Стало у нас в городе еще одно замечательное. Мимо нашего дома, по переулку чуть не каждый вечер студенты стали на велосипедах ездить и студентки. В очках все были, да в шляпах (в нашем городе все в картузах ходили), а одна студентка так в штанах пузырями. Тетка моя плевалась-плевалась, — хуже, говорит, самого худого, какое и быть только может. А студентка была такая бледненькая и глаза голубые. Я ее каждый раз примечал. И даже тайком думал про нее и все мечтал уговорить, чтобы не в штанах ездила. А она все в штанах.
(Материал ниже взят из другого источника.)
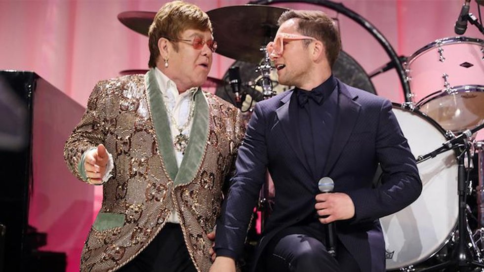 During last night's annual Elton John AIDS Foundation's Academy Awards viewing party, the queer music legend took to the stage with actor Taron Egerton and gave the crowd a stunning performance of his classic "Tiny Dancer."

Только ни за что не может быть, чтоб нехорошее от нее могло быть.
А разговор про студентов самый худой. Раз сидит у тетки Панафида Ивановна и так их честит, — такие, да всякие разные:
— Ни тебе людьми бы в саду городском погулять. Все люди как люди. А это что! В штанах, на ласапедах. Да виданное ли дело!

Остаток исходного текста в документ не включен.